Financial Crime World

Risk-Taking and Remuneration: A Concern for Bank Directors

In recent times, concerns have been raised about the remuneration system of banks in Japan, particularly regarding its potential to drive excessive risk-taking among directors, executive officers, and employees.

Remuneration Committee Oversight

To address this concern, the Financial Services Agency (FSA) has stressed the need for the remuneration committee of a bank to play an active role in supervising and managing the remuneration system. The committee must ensure that the system is properly established and managed, taking into account the potential impact on the bank’s core capital.

Communication with Risk Monitoring Department

The FSA has also highlighted the importance of communication between the remuneration committee and the risk monitoring department of a bank. This collaboration can help identify potential risks and ensure that the remuneration system is aligned with the bank’s overall risk strategy.

Challenges in Remuneration Practices

  • Short-Termism and Performance-Based Remuneration: The FSA has cautioned against remuneration systems that encourage excessive short-termism or become overly performance-based.
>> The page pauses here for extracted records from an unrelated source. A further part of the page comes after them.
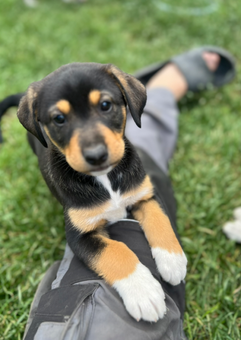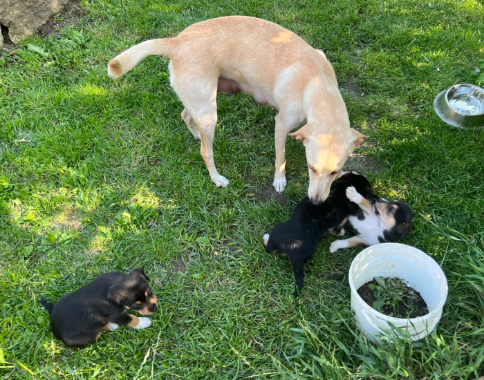 Přenecháme štěňata - matka kříženec, středního vzrůstu. otec čistokrevný australský ovčák, narozené 11. 5. 2025, dva kluky a tři holčičky. Jsou zdravá, vitální, a učenlivá. Vhodná pro aktivní život. Dá se předpokládat, že budou menšího až středního vzrůstu. Budou mít středně dlouhou srst, takže budou schopná spát venku.
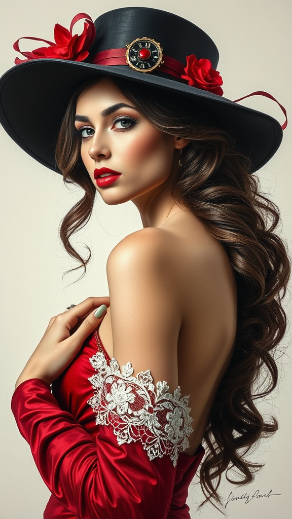 A striking painting portrays a woman donning an elegant black hat, enveloped in metallic dark silver and vibrant red hues, embodying a steampunk essence. Her figure twists gracefully in a figura serpentinata pose, seamlessly blending handsome poise with contrasting values. Dominant whites and reds accentuate her form against a pristine white background, inviting the eye to explore the depth and play of colors. Subtle touches of intricate gear motifs and delicate lace add a unique flair, enhancing the fusion of classical elegance with industrial mystique.
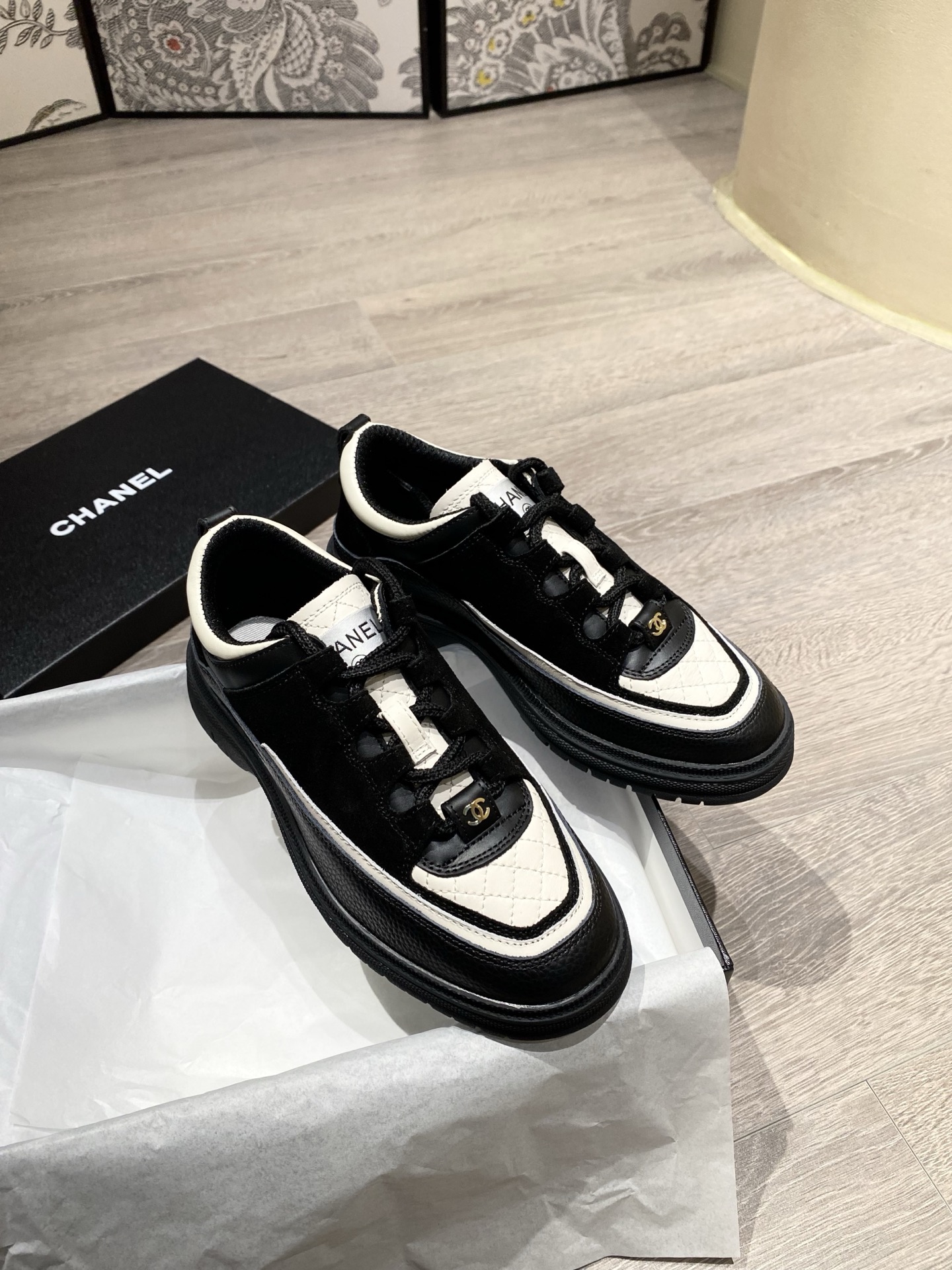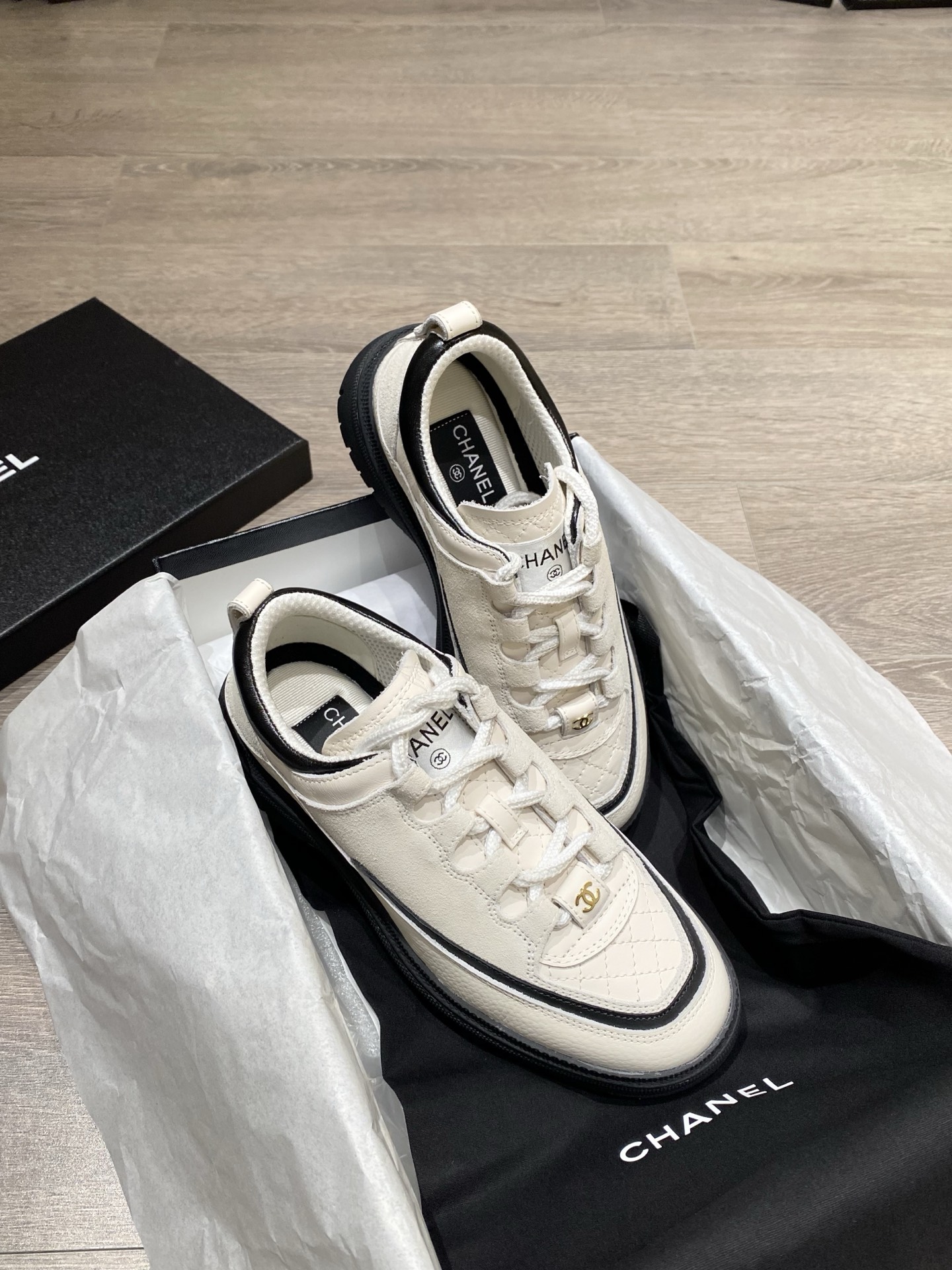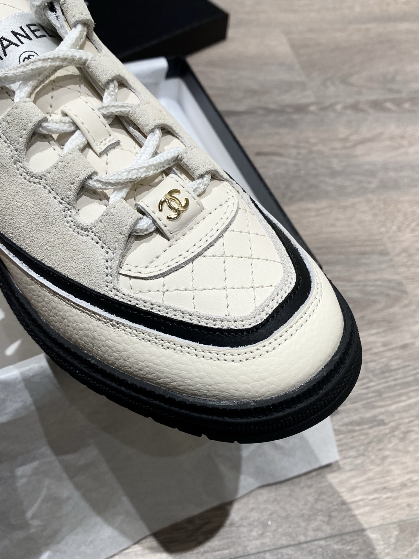 這款鞋子是AAAAA 1:1 質量(非常棒). 使用了和原版一模一樣的材料. 商標部分也保持了和香奈兒/Chanel一樣. 圖片拍攝是實物鞋子拍攝, 您所收到的實物保證和我們圖片一模一樣.

Such systems can create incentives for directors, executive officers, and employees to prioritize short-term gains over long-term sustainability.
  • Independence of Risk Monitoring and Compliance Departments: The FSA has emphasized the need for the remuneration system to treat staff in the risk monitoring and compliance departments independently from other business departments. The roles of these departments are crucial to ensuring the bank’s stability, and their remuneration should reflect their importance.

FSA Intervention

If a bank’s remuneration system is deemed problematic during regular off-site monitoring or inspection, the FSA may require the bank to submit a report under Article 24, Paragraph 1 of the Banking Act. In cases where serious problems are recognized, the FSA may take administrative action, such as issuing an order for business improvement under Article 26 of the Banking Act.

Anti-Money Laundering and Know-Your-Customer Regulations

In addition to remuneration practices, banks in Japan must also comply with anti-money laundering (AML) and know-your-customer (KYC) regulations. The FSA has issued guidelines to clarify the required actions and expected actions for financial institutions, including banks.

Customer Due Diligence and Record-Keeping

  • Verify customer identification data
  • Record transactions
  • Keep verification records for seven years
  • Report suspicious transactions to the competent administrative authority

Depositor Protection Regime

The Deposit Insurance Corporation (DIC) administers Japan’s deposit insurance system, which protects depositors up to a statutory limit. Insured financial institutions include banks and other deposit-taking financial institutions licensed in Japan, with some exceptions.

Conclusion

In conclusion, the FSA has emphasized the importance of a well-designed remuneration system that does not encourage excessive risk-taking among bank directors, executive officers, and employees. The agency has also highlighted the need for effective AML/KYC practices and depositor protection measures to ensure the stability of Japan’s financial system.